Na minha prática clínica, utilizo aquilo
que se considera a terceira geração de terapias psicológicas que é a Terapia da
Aceitação e Compromisso (ACT). Esta é uma abordagem, que explicitamente
enfatiza a propensão que o cliente tem para evitar as experiências internas. O
que se pretende é alterar a percepção de evitamento, e promover a aceitação
daquilo que o cliente sente. No que diz respeito ao compromisso, tem a ver com
a construção de um conjunto de acções que o cliente promove no sentido de se
orientar por aquilo que valoriza e quer para ele. Seguindo a sua vida sem
entraves provocados pelo evitamento daquilo que tem medo ou que não quer
sentir. Esta abordagem permite que a pessoa escolha o caminho que quer seguir,
optando por trabalhar e comprometer-se com um conjunto de acções que o conduzam
ao sentimento desejado, na maioria das vezes traduzido por: “Quero ser feliz“.

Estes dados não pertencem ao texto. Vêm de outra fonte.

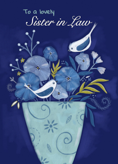 Sister in Law Birthday Birds on Floral Vase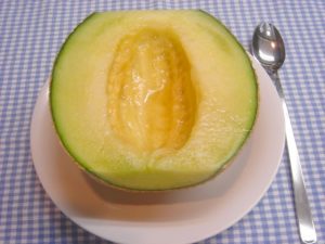2.その後、先に収穫して冷やしておいたマスクメロンをお一人半玉(1/2カット)贅沢にスプーンですくってお召し上がりいただきます。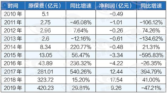 数据显示,自恒大集团2015年进入后,其保费出现了大发展。2017年,恒大人寿原保费更是从2016年43.89亿元上涨到281.01亿元,同比增长540.26%。利润方面,自2017年开始出现盈利,且到2018年盈利达到17.54亿元。2019年,恒大人寿净利润下降至9.26亿元。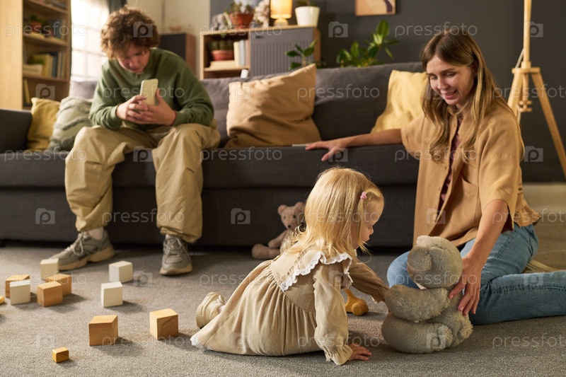 Мать смотрит, как маленькая дочь играет с тедди-медведем в помещении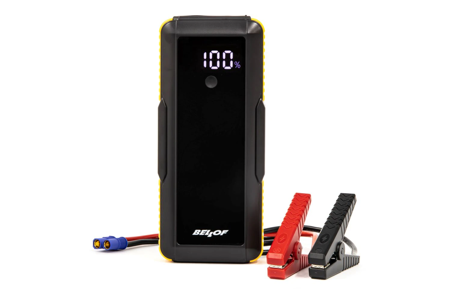本体重量900gと軽量。電池を搭載しておらず、事前の充電も必要ない。本体への蓄電は自車のほか、他車バッテリーやシガーソケット、USBなど多様な方法で可能。12Vのバイクやボート、農耕車、ガ ソ リ ン 車 は 6,000cc、ディーゼル車は3,500ccまで幅広く対応する。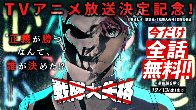 なんと戦隊大失格をアニメ化してもらえることになりました! 監督はさとうけいいちさん! いい作品になるよう、原作者としてできることを頑張っていきます! twitter.com/5Hanayome/stat…

Ao incluir-se a aceitação da experiência
interna na vida da pessoa, isto permite que a pessoa consiga trabalhar na sua
musculatura emocional, permite que a pessoa consiga ser mais resistente às suas
experiências internas de mal-estar, entendendo-as como manifestações da
realidade, colocando-se assim numa situação mais capacitada para accionar os
seus recursos, construindo uma solução para os seus problemas. No fundo, a aceitação e o compromisso funcionam como um
antídoto à hipersensibilidade emocional, à hipersensibilidade dos sentimentos
negativos.Você não é os seus
sentimentos, não é a sua tristeza, não é o seu mal-estar. Se você perceber que
não é aquilo que sente, que você é aquele que sente,
se tiver esta consciência, fica numa posição vantajosa. Consegue por
comparação, isto é, consegue diferenciar-se entre aquilo que sente e aquilo que
é ou que pretende vir a sentir, e assim fazer coisas para alcançar o que
deseja: Por exemplo, ser feliz.
Se nos tornarmos mais cientes de como
funciona a nossa mente, e porque razão sentimos as coisas que sentimos, ficamos
mais aptos a podermos fazer uma opção de escolha. Ficamos mais aptos para
escolhermos a possibilidade de sermos felizes.